-- What you will do --
In the entries below, find the line with "Men's Floral Print" and the line with "Meuble sous vasque", then retype both and everything between them exactly. Do not copy the pictures.

════════

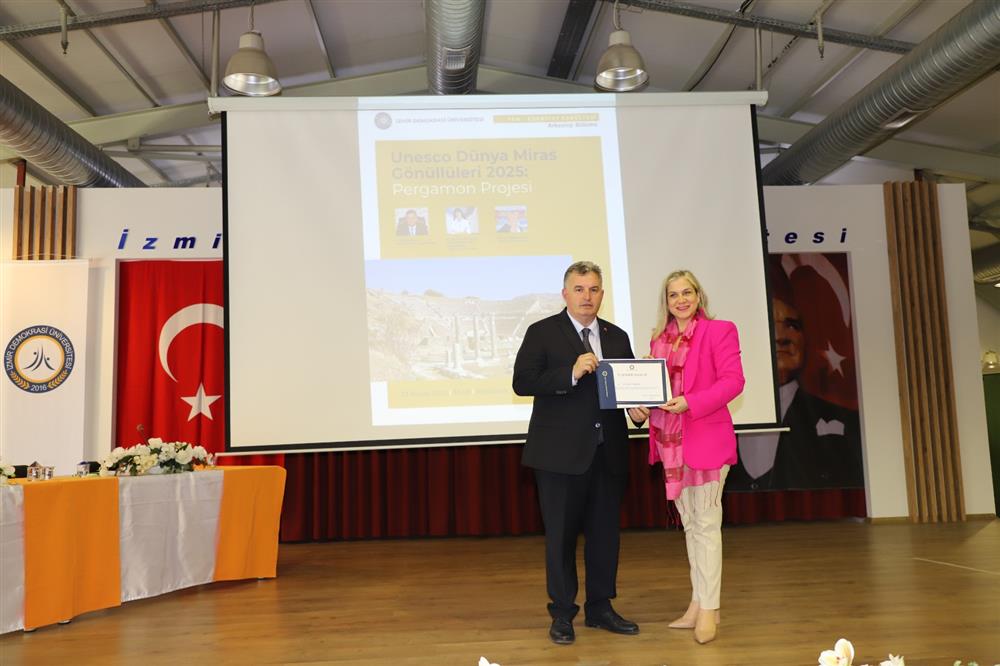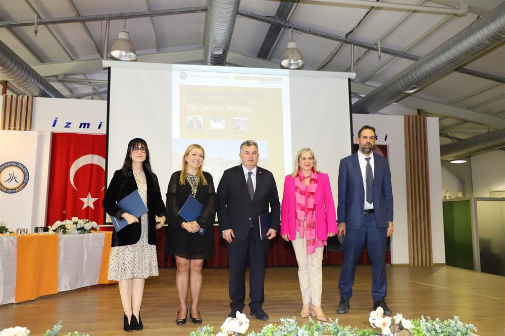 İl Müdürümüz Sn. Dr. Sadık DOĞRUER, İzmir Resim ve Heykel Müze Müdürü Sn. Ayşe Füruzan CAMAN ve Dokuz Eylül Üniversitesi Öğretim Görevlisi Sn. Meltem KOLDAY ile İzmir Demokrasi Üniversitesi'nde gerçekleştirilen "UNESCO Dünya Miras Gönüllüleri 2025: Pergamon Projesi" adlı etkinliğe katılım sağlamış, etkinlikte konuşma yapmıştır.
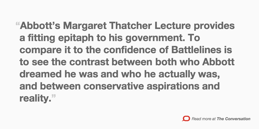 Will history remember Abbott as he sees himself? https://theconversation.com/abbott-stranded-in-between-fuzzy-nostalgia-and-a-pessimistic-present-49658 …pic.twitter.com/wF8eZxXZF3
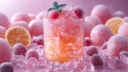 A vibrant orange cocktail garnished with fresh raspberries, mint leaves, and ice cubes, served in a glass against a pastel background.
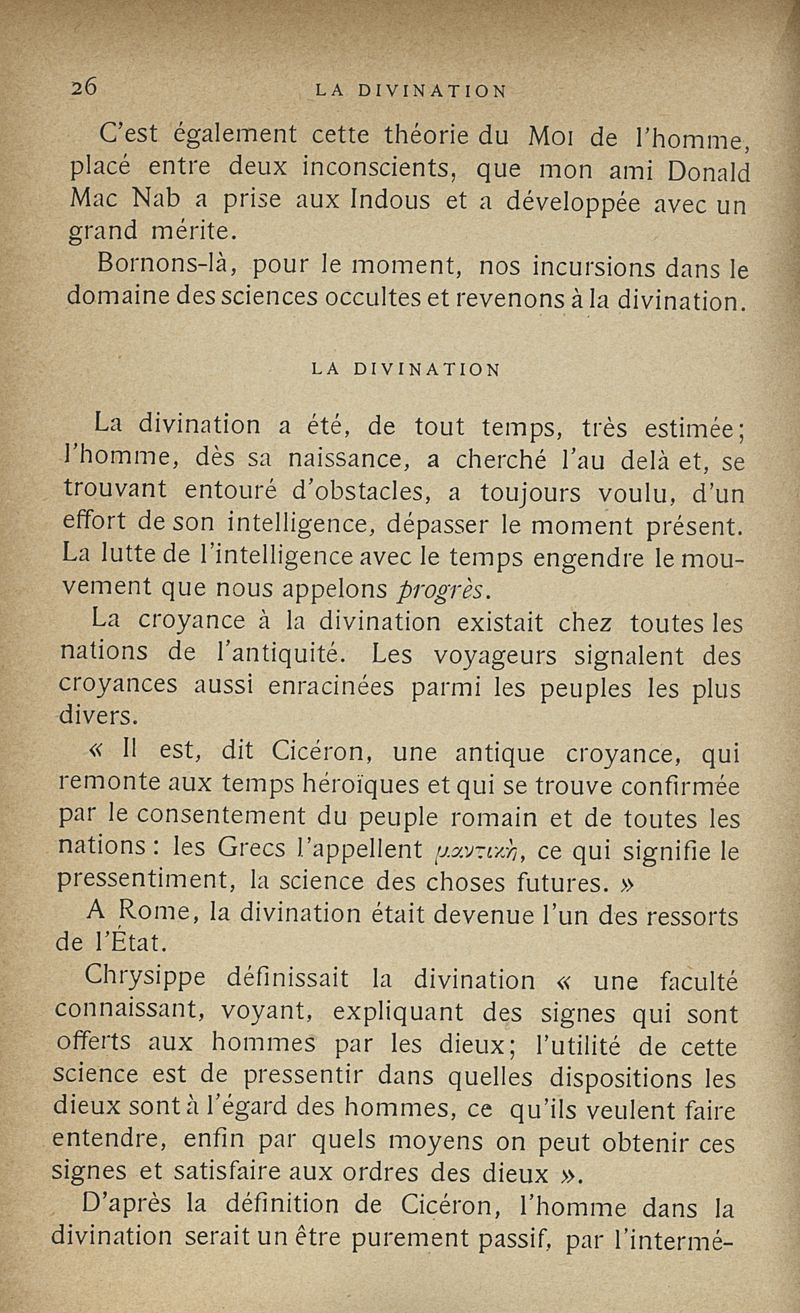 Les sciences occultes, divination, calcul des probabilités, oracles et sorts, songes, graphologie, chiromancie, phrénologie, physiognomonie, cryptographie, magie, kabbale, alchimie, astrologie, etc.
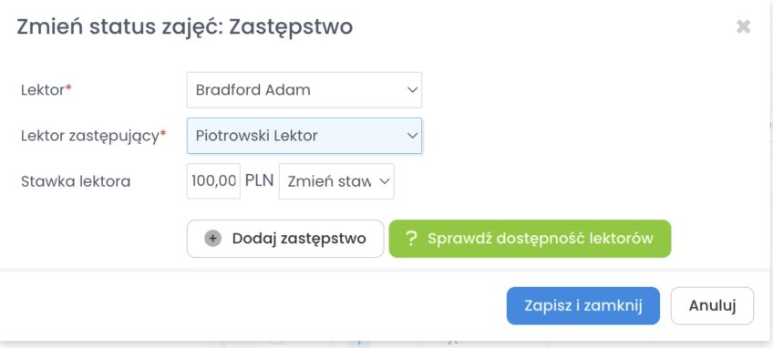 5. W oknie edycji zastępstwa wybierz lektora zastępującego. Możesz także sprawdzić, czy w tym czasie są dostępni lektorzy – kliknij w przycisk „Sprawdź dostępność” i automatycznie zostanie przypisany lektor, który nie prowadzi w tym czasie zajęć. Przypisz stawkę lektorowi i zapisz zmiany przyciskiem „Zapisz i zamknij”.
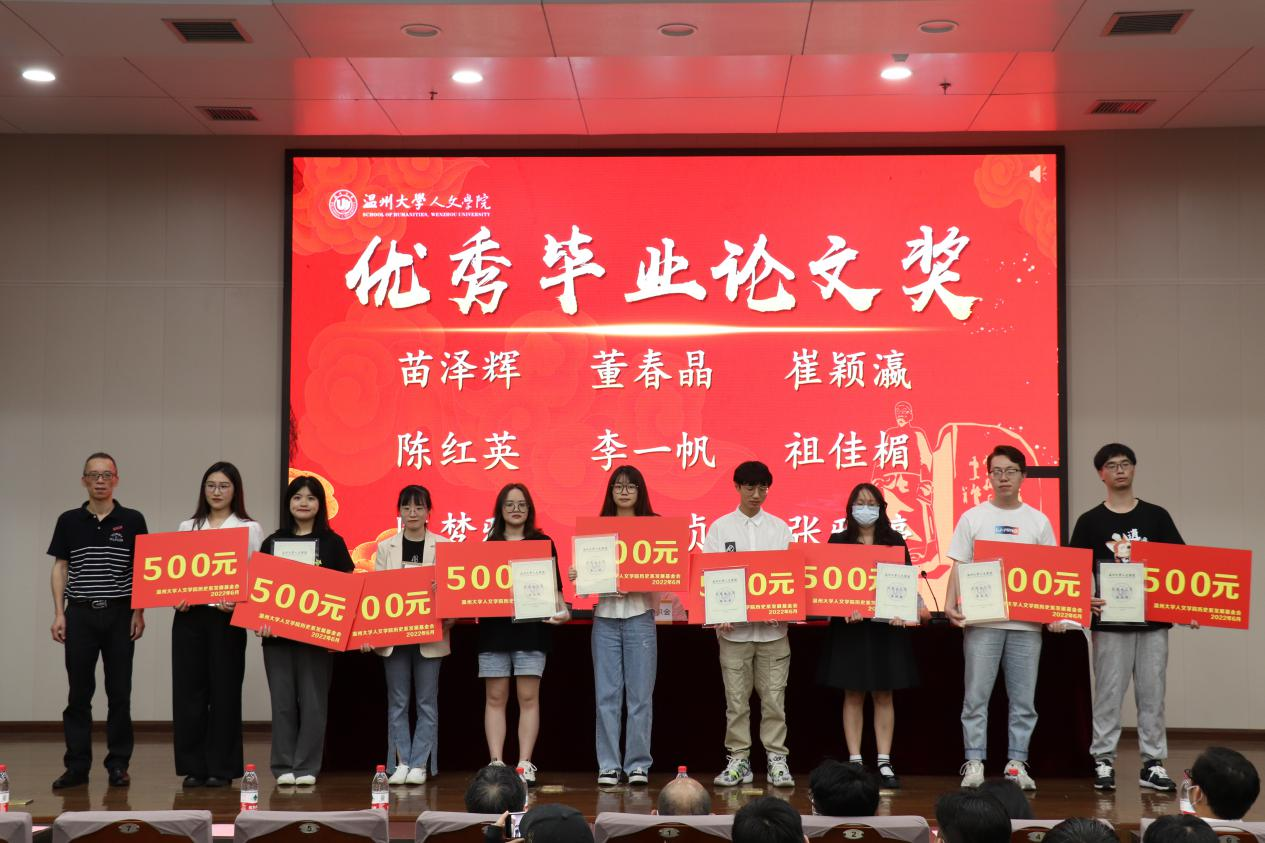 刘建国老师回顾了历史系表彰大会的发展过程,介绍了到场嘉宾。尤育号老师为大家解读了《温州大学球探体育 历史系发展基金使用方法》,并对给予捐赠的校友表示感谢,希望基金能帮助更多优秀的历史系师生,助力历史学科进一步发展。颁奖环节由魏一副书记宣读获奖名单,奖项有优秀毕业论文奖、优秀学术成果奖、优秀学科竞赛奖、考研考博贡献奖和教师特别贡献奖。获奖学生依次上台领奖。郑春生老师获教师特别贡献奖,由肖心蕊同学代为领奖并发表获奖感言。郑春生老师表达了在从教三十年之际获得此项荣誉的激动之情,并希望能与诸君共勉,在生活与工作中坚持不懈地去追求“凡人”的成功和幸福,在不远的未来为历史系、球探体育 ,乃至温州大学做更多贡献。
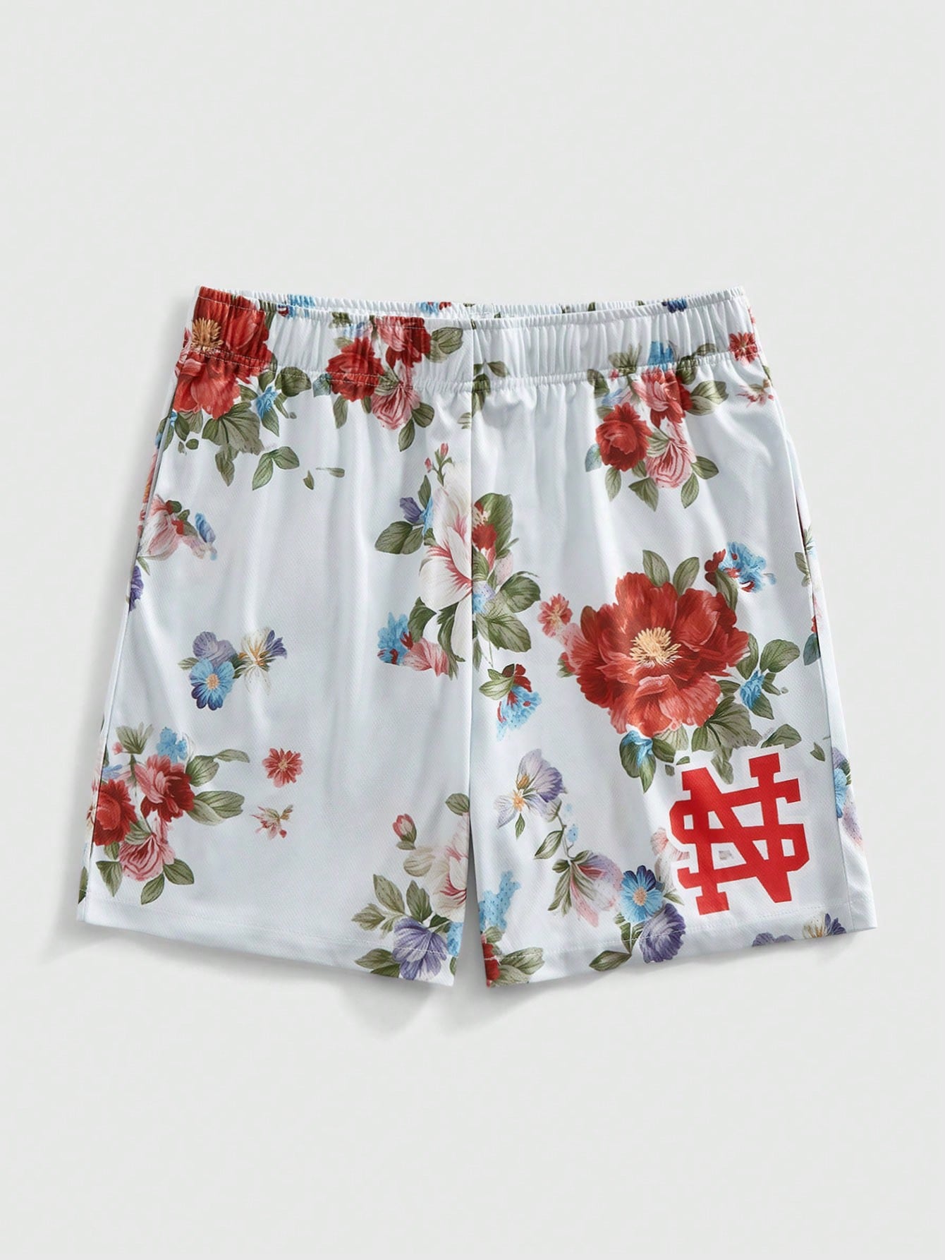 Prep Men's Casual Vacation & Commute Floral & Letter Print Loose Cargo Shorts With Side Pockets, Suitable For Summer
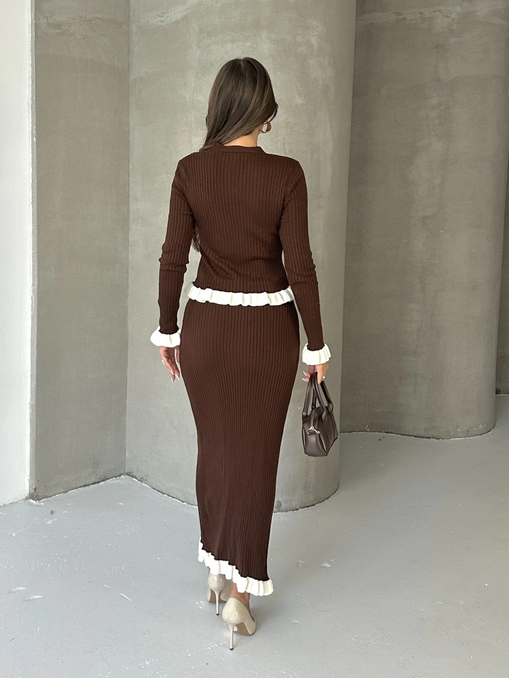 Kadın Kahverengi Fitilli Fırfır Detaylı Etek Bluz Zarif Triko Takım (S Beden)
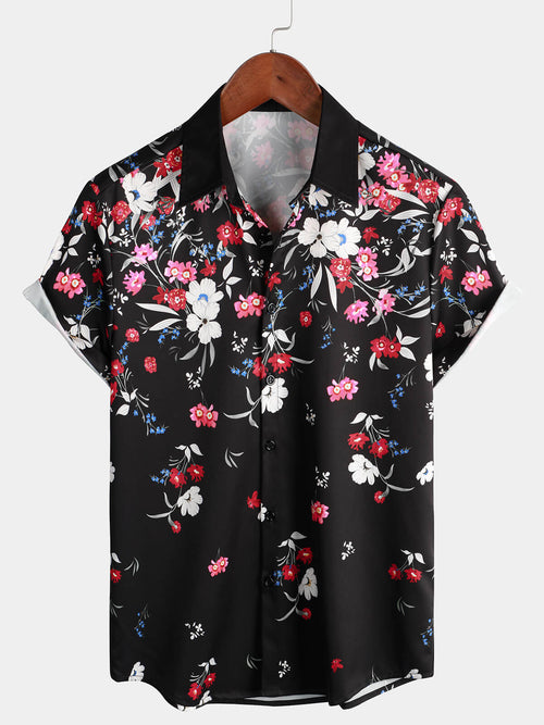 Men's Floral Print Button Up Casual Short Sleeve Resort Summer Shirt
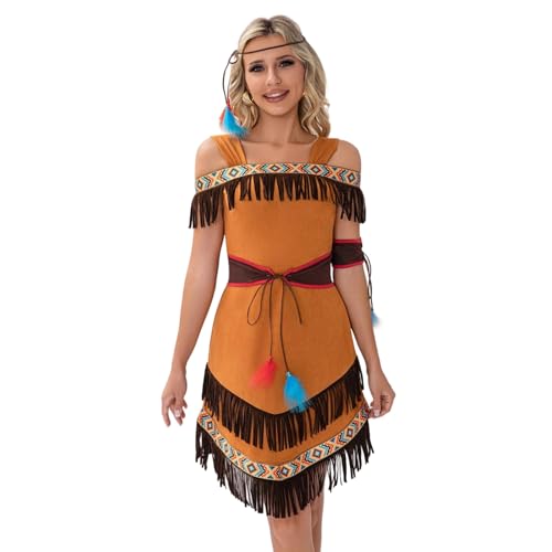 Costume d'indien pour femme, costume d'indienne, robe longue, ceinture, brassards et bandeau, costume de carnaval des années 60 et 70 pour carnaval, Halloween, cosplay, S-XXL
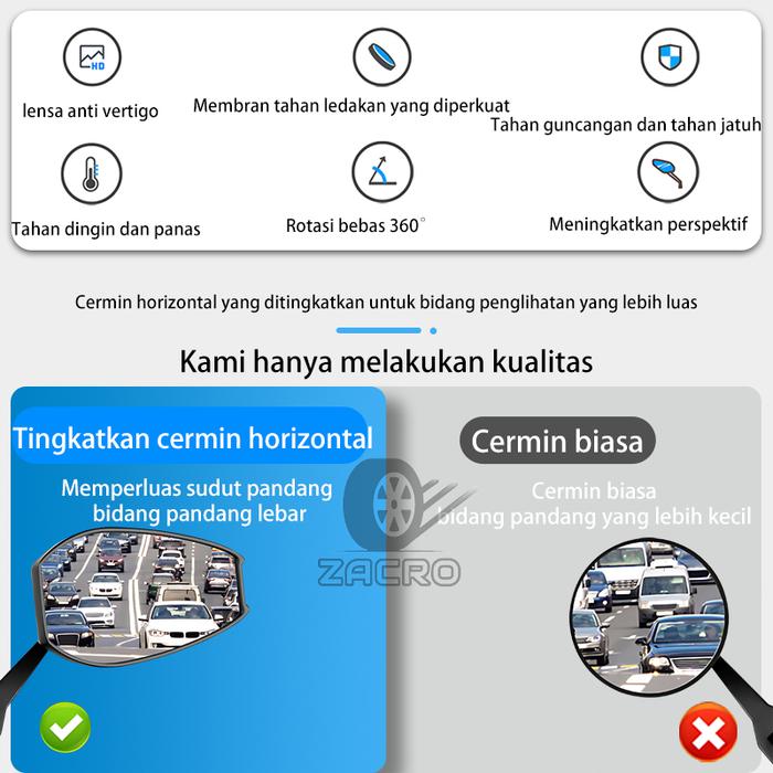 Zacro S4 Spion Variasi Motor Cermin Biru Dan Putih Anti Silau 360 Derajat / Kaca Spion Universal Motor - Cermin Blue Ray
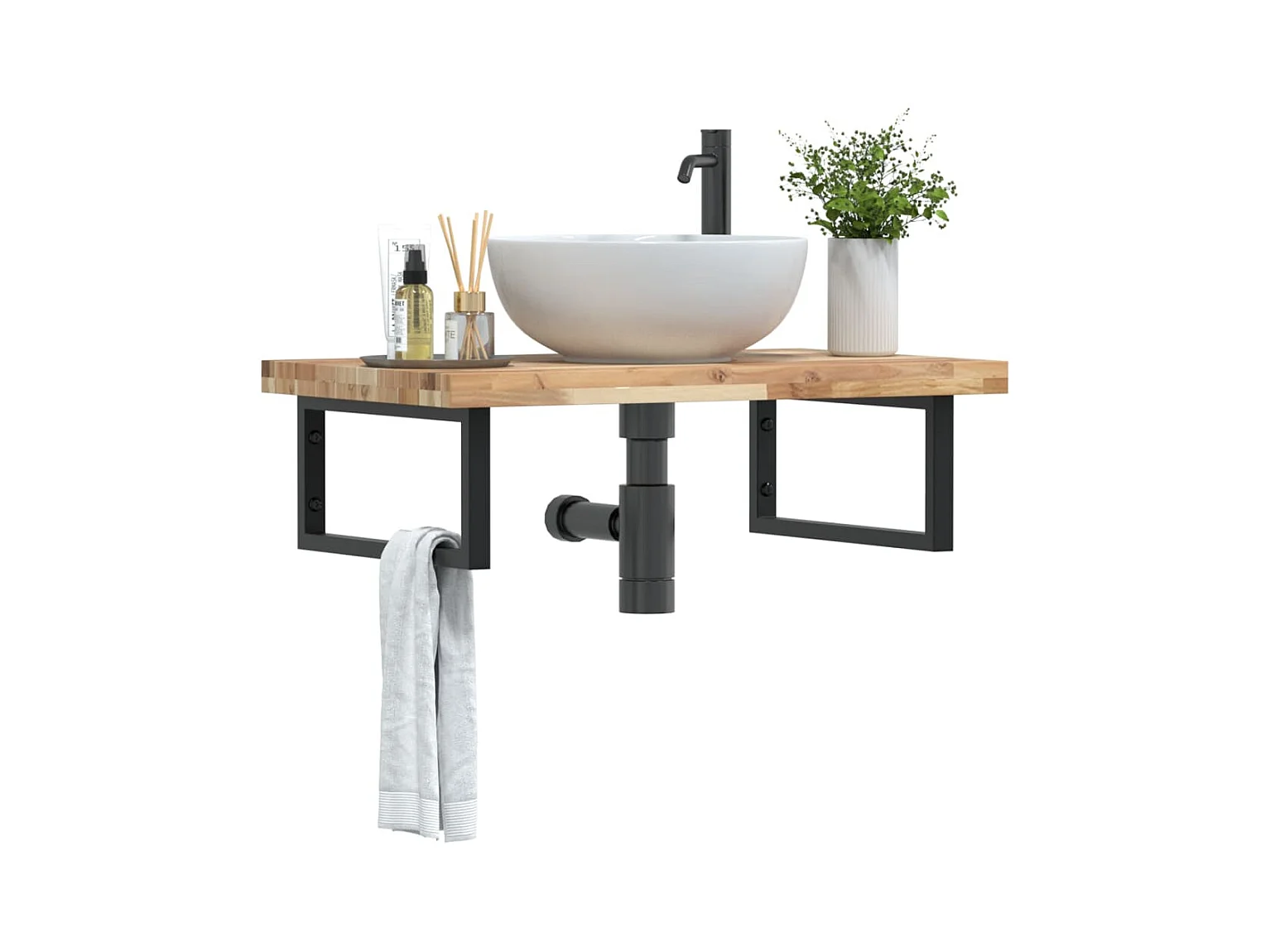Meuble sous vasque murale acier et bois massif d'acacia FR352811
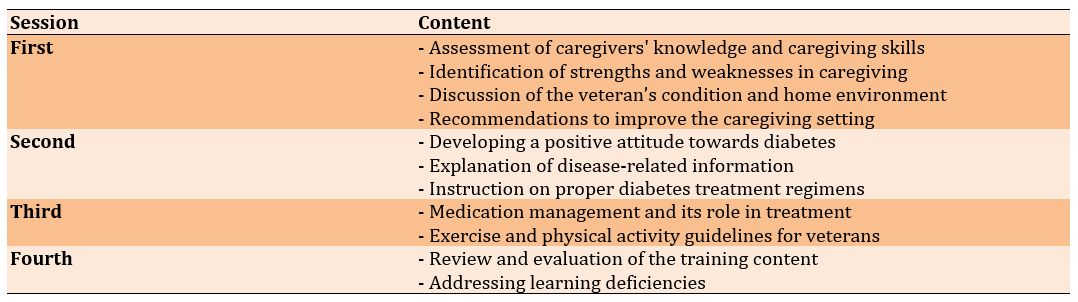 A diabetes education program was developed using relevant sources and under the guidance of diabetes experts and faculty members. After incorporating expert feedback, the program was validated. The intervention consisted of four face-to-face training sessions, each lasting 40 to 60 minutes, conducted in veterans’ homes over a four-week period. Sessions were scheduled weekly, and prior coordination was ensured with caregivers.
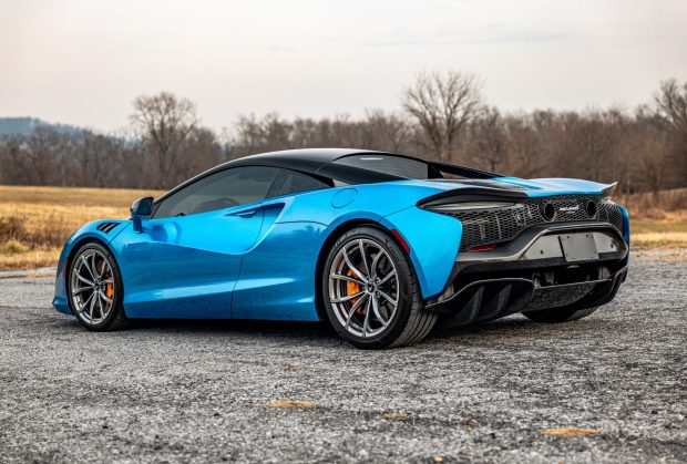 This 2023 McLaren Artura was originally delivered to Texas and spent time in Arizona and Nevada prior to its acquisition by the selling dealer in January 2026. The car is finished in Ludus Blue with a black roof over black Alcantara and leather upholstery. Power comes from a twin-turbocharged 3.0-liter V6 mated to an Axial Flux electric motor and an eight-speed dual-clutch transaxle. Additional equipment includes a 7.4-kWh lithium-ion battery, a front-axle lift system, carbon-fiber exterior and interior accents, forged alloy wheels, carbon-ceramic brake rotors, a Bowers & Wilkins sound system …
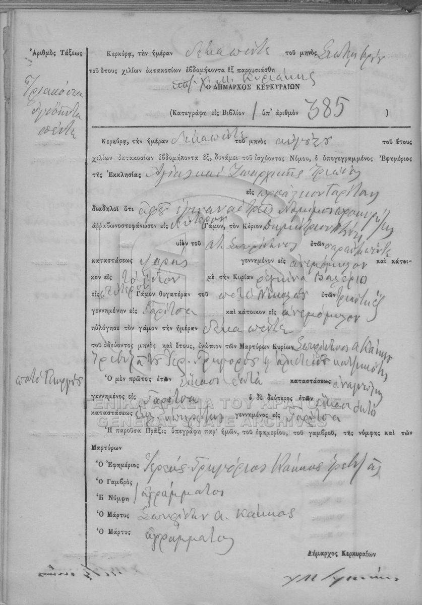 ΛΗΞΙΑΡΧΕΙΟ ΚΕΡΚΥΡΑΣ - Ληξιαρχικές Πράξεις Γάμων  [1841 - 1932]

════════

-- Finished task --
 Men's Floral Print Button Up Casual Short Sleeve Resort Summer Shirt
 Costume d'indien pour femme, costume d'indienne, robe longue, ceinture, brassards et bandeau, costume de carnaval des années 60 et 70 pour carnaval, Halloween, cosplay, S-XXL
 Zacro S4 Spion Variasi Motor Cermin Biru Dan Putih Anti Silau 360 Derajat / Kaca Spion Universal Motor - Cermin Blue Ray
Meuble sous vasque murale acier et bois massif d'acacia FR352811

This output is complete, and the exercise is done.